Dietary deficiency or excess
Causes of dietary deficiencies range from a lack of all nutrients as in famine, to absence or omission of individual food items from the diet for social, economic, cultural, religious or personal reasons. Nutrients may not be absorbed from the intestine in some illnesses. A deficiency or excess of overall calorie intake or of individual nutrients may result in nutritional disorders. Ingested food is broken down to chemicals of a molecular size that is readily absorbed and utilised by the body. The process of absorption is dictated by the nutrient needs of the body and bioavailability value. Food or nutrients can only be absorbed into the body through the intestines in their chemical forms. It is also interesting to note that these foods are also present in the plants (herbs) in their chemical (molecular) forms.

It is not possible to live for more than 2–3 min without oxygen. However, human life can continue without water for between 2 and 7 days, depending on the ambient temperature and the amount of exercise being taken. Survival without any food at all, but with water, may be for 60–120 days, depending on the body stores. Females and those with considerable subcutaneous fat generally survive for longer than slightly built males.

There are individual responses to nutritional deficiency and excess, although in general weight increase is associated with overall excessive eating and weight loss is associated with inadequate dietary intake. A failure to provide amino acids, fats, vitamins and trace elements leads to specific lesions, which may progress to morbidity and death.

Nutrients contribute to bodily needs in several ways:
• provision of energy
• creation of structure
• provision of essential small molecular substances that the body cannot synthesise.

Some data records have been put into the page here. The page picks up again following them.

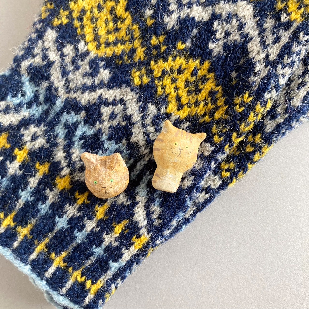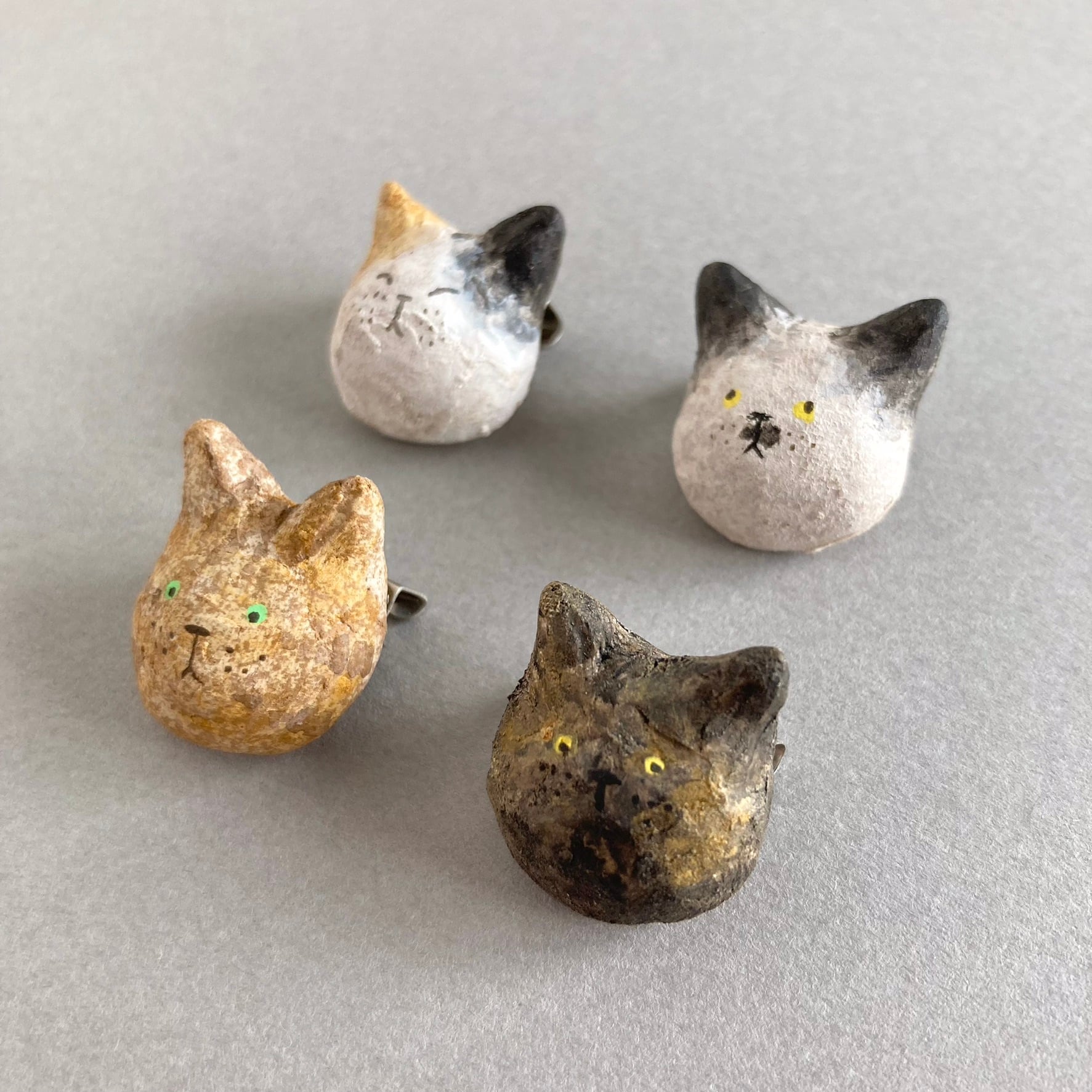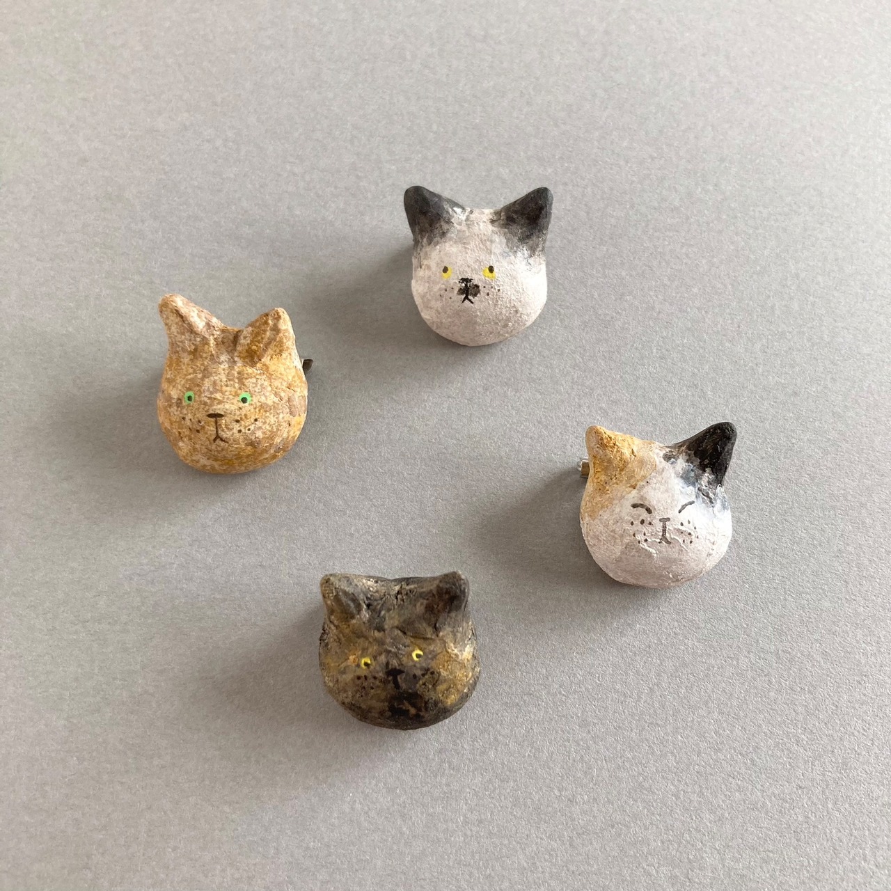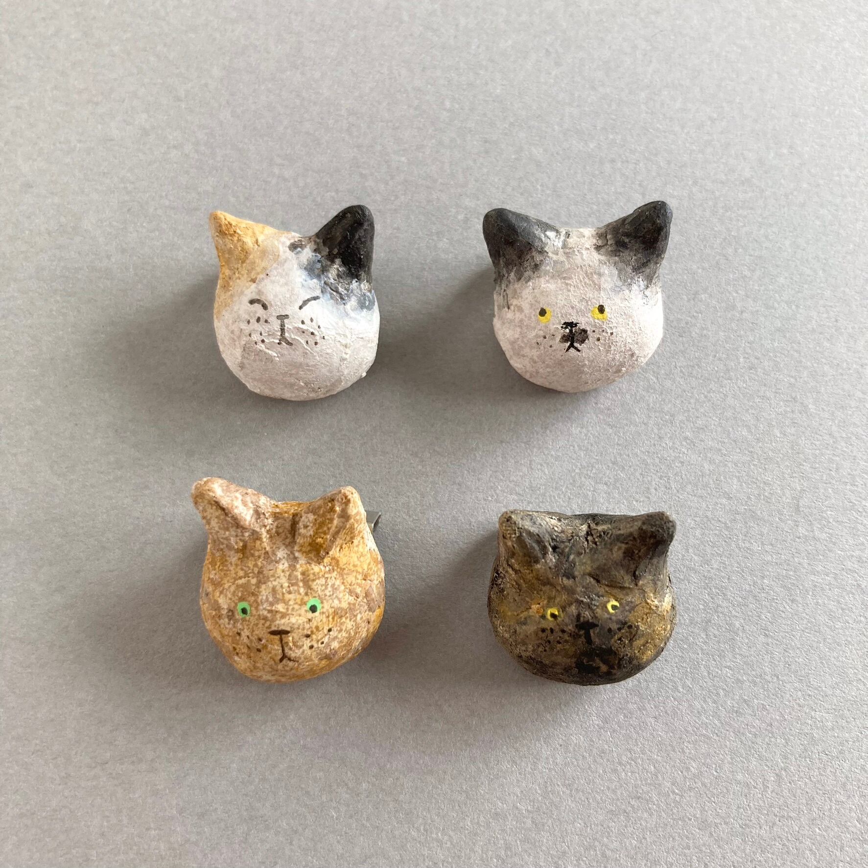 新作 ちいさな猫のブローチ(顔タイプ) 手描き・一点ものの陶器ブローチ
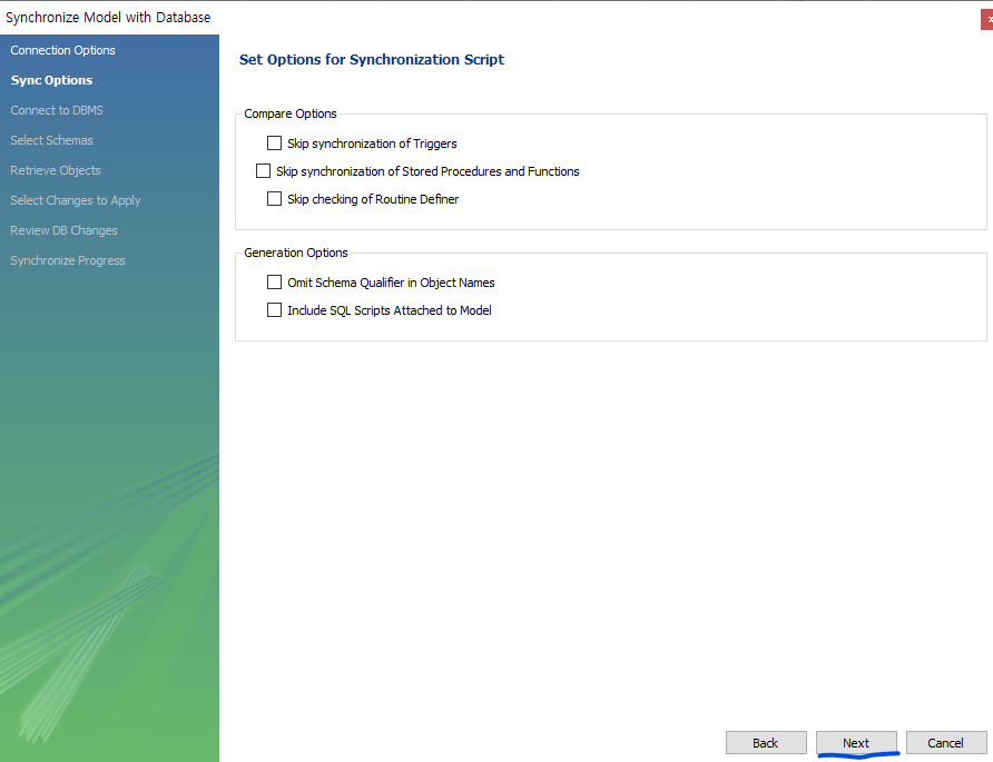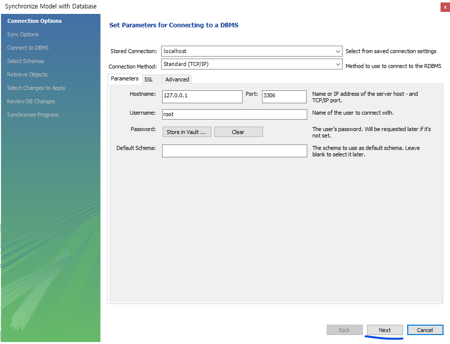db 선택후 next 클릭
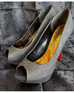 Zapatillas de punta abierta. Hermosas zapatillas talla 24.5, corte de piel en color negro/plata. En excelentes condiciones, un par de puestas. En vivo son mas hermosas, ideales para fiesta🥰Con plataforma interna de 3 cm que las hace muy comodas a pesar de sus 12.5 cm de alto.Te invito a visitar mi closet y si te gusta algo mas te armo un paquete 😉
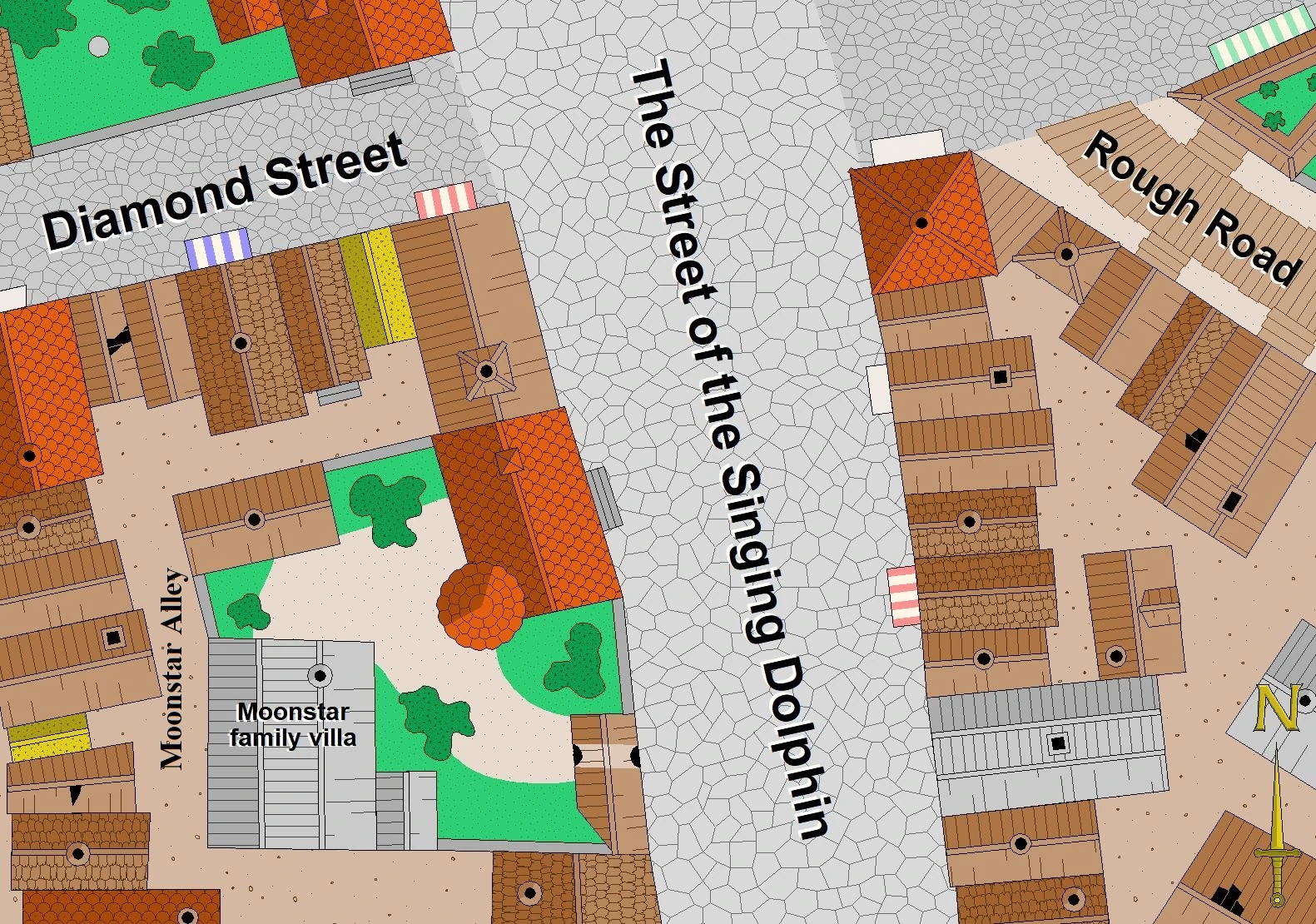 Moonstar Alley was located in the central section of Waterdeep's Sea Ward. The alley cut between the Street of the Singing Dolphin and the Street of Whispers, enclosing the Moonstar estate and several other buildings. Another alley called Sharra's Flight connected with the southern side of Moonstar Alley.[1][2][3][4]
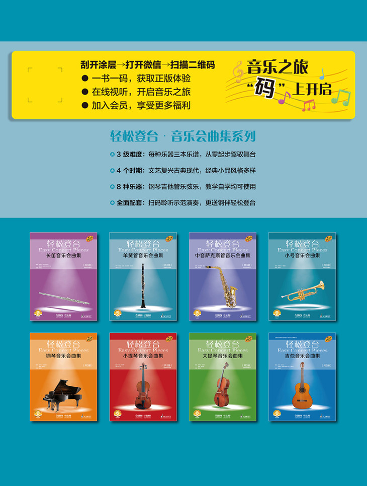 全面配套:扫码聆听示范演奏,更送钢伴轻松登台
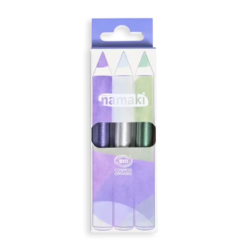 Le kit trois couleurs Nuit accompagnera les rêves les plus doux. Avec les crayons de maquillage pailletés vert, violet et argent, télétransportez-vous dans un monde de neige et de glace où la voûte céleste s'illumine en couleurs.
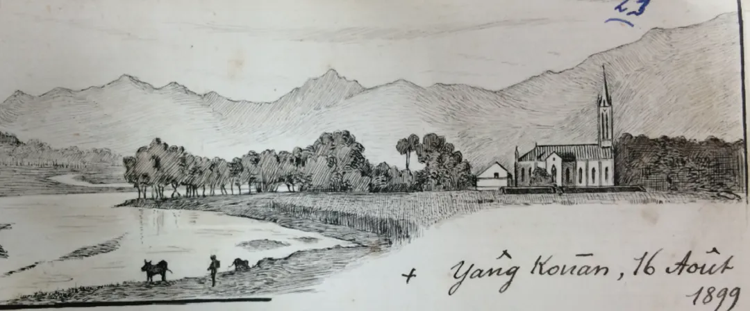 👇在巴黎外方传教会的档案中还保存了杜家庄教堂的照片,一张是1900年前后的杜家庄教堂,一张是1935年左右。1900年的教堂在义和团运动中被损毁了,后来重建了一个更加宏大的教堂。

Some nutrients are sources of carbon and nitrogen, which pass into the metabolic pool to meet the body’s general needs, e.g. carbohydrates, fats and amino acids. Carbohydrates and lipids are necessary fuels for metabolic activity, to a variable extent for structure and in some instances in the synthesis of hormones. The whole range of amino acids is relevant for adequate structural growth. Amino acids may also be utilised at times of nutritional deprivation as a source of energy.
Waste products of metabolism

The body excretes waste products of metabolism in the breath (carbon dioxide), through the urine, generally water- soluble compounds and the fat-soluble compounds through the bile. The accumulation of metabolic waste products has disadvantageous effects on growth, metabolism and well-being. In fact different kinds of the chronic degenerative diseases have been linked to the accumulation of waste products of metabolism.

In our study of herbs for food and medicine, we shall always remember that the Genesis 1,29 Diet which is the main source of all our nutrients contains the macro and micro-nutrients, essential and non-essential nutrients, vitamins, minerals, trace elements, enzymes, phytonutrients, fibre, detoxifies, anti-inflammatory agents etc. As I take one more look at it I am convinced that indeed food is our medicine and our medicine food.